マスクによる摩擦が気になる方は、日中も薄くワセリンや無香料バームを口周りや頬に重ねておくと、マスク内の蒸れと摩擦ダメージを同時に軽減できます。「ワセリンは古くさい」と思われがちですが、じつは皮膚科学的に最もコスパの高いバリア保護剤のひとつです。
おすすめ成分: セラミド、アラントイン、ワセリン・スクワラン(バリア保護)、パンテノール、無香料・無着色処方
シリーズを通じて、皆さんへ伝えたいこと
春・夏・秋・冬と4回にわたってお届けしてきた「スキンケア科学ノート」。

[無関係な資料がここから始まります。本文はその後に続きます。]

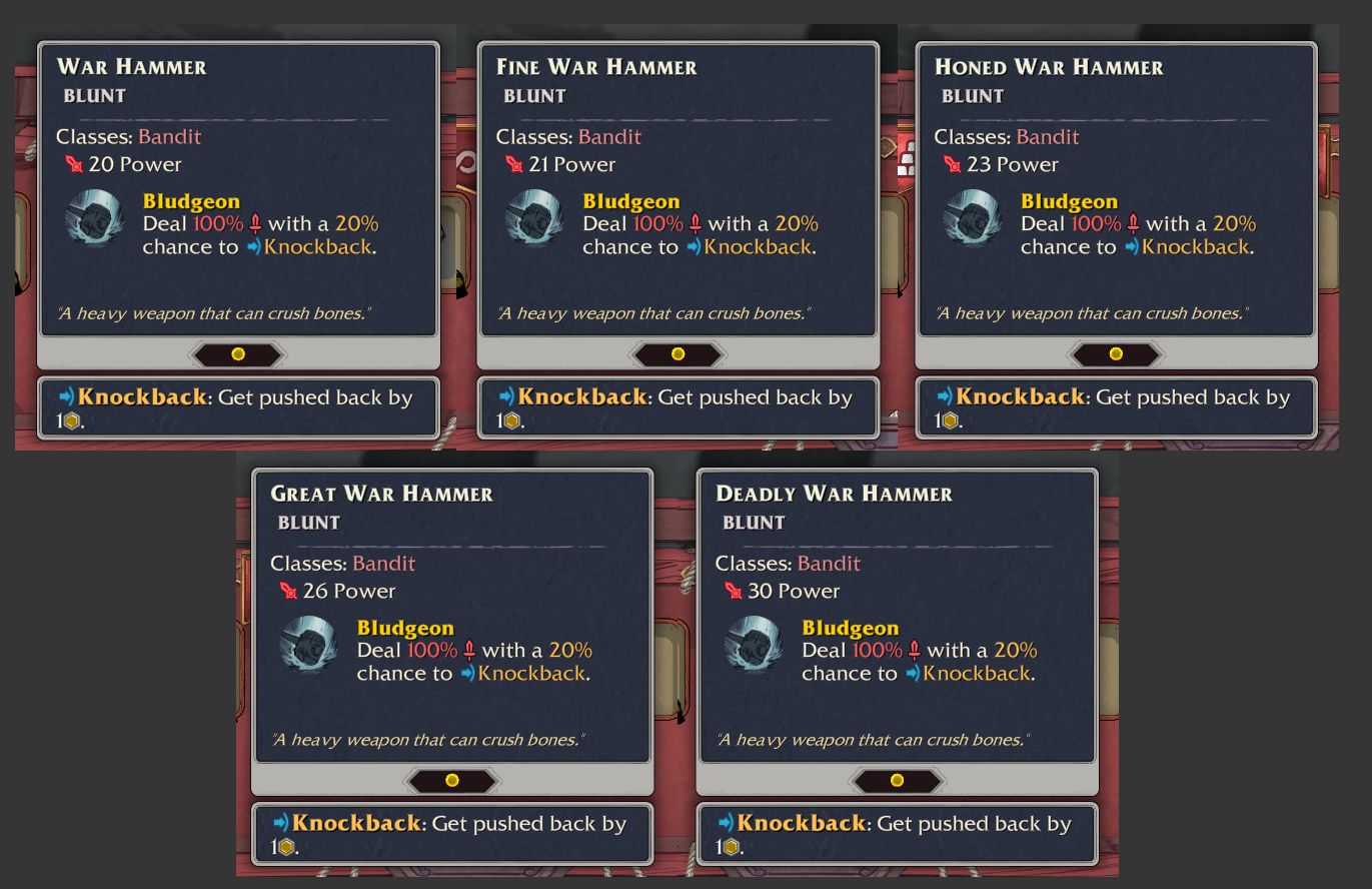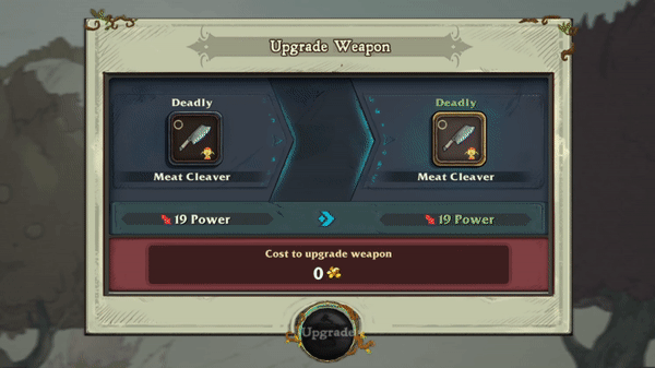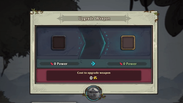 Interacting with the Smithy will prompt you to select any weapon to enhance it. Upgrading a single weapon costs gold and increases by 30 gold with each subsequent attempt. While it is possible to encounter the Smithy early in the run before you can gain gold in the level, we made sure that you can still gain value from every encounter as the first upgrade is always free.
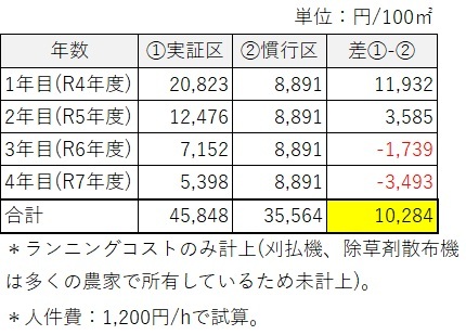 1年目は、野芝の資材費と育苗等の管理労賃で実証区が約12千円/100㎡多くなりました。2年目は、選択性除草剤散布等の経費により、実証区で約3.6千円/100㎡多くなりました。3年目及び4年目は、実証区で約1.8千円/100㎡、約3.5千円/100㎡減少し、野芝の定着により経費が削減されました(表2)。
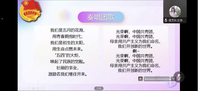 紧接其后,大家共同观看班级团生视频,同学们通过奏唱团歌、有趣的集体游戏、青春洋溢的才艺展示、党史知识竞赛的方式,强化党史学习。

最後に、シリーズ全体を通じて一番大切だと思うことをお伝えして締めくくりにしたいと思います。
スキンケアに「完璧な正解」はありません。同じ成分でも、使う人の肌質・年齢・生活環境・季節によって効果はまったく異なります。
大切なのは、肌の仕組みを知ったうえで、自分の肌と対話し続けること。「今日の肌はどんな状態?」「これを使ったら調子よかった」「この季節はこれが合わなかった」——そうした小さな気づきの積み重ねが、世界でひとつだけの「自分の肌トリセツ」になっていきます。
整える、という行為は、特別なことではありません。毎日の洗顔・保湿・日焼け止め。その丁寧な繰り返しが、肌を、そして心を少しずつ整えてくれます。

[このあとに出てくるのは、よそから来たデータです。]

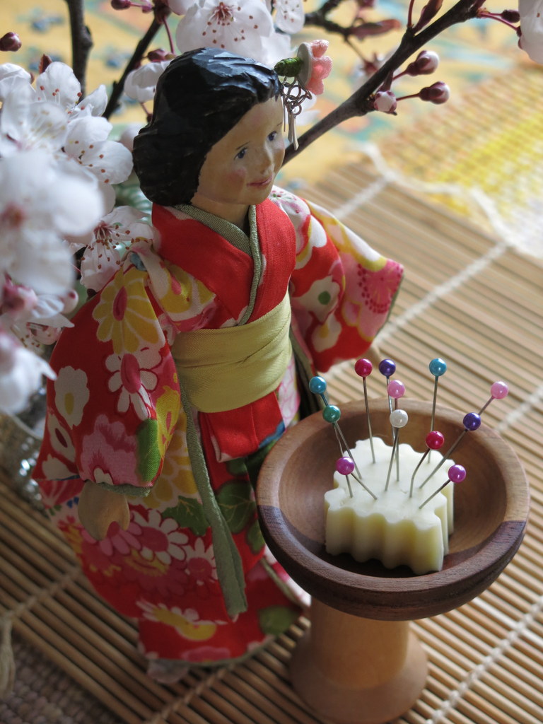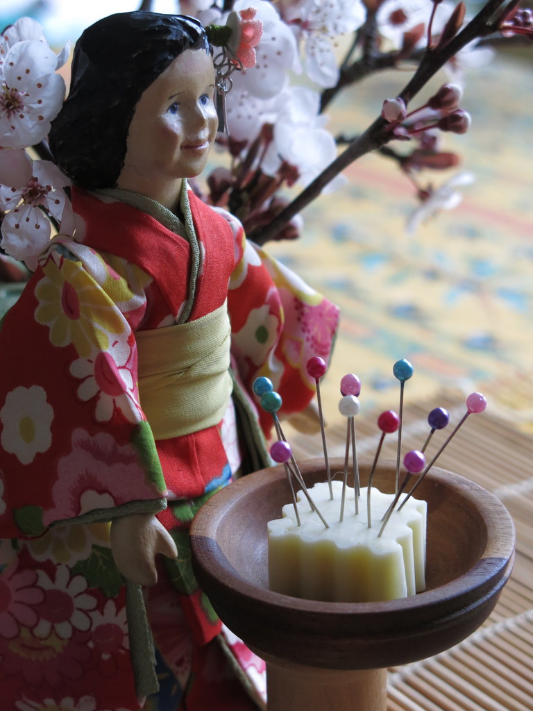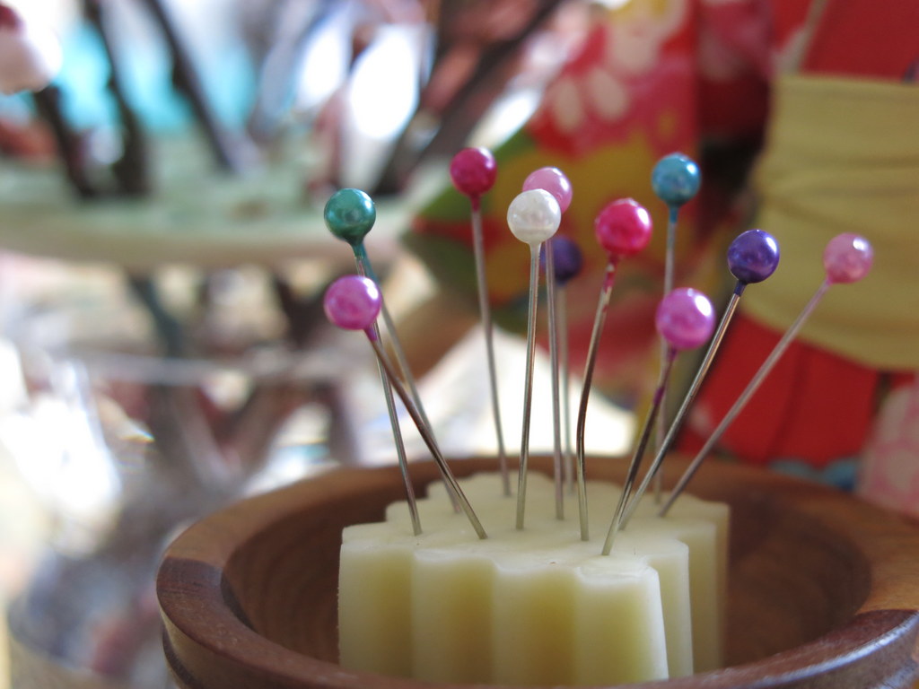 After a year of pinning and sewing into multiple layers of fabric, the tired pins are gently pushed into soft tofu…

皆さんの肌が、四季を通じていつも心地よく整っていますように🌸🌻🍂🌨️
まとめ
- バリア機能はセラミドを中心とした「レンガと漆喰」構造で成り立っている
- 冬のバリア低下の原因は「乾燥・皮脂減少・熱いお湯」の3つ
- 保湿は「水分補給→水分保持→水分蒸発防止」の3層で考える
- 熱い洗顔・摩擦・保湿の遅れ・日焼け止めをやめることがNG
- 乾燥肌→3層保湿の徹底と加湿/オイリー肌→インナードライを解消/混合肌→Uゾーンにリッチ保湿/敏感肌→シンプル処方でバリア修復
「整う、うずうずノート」スキンケア科学ノート、全4回お読みいただきありがとうございました。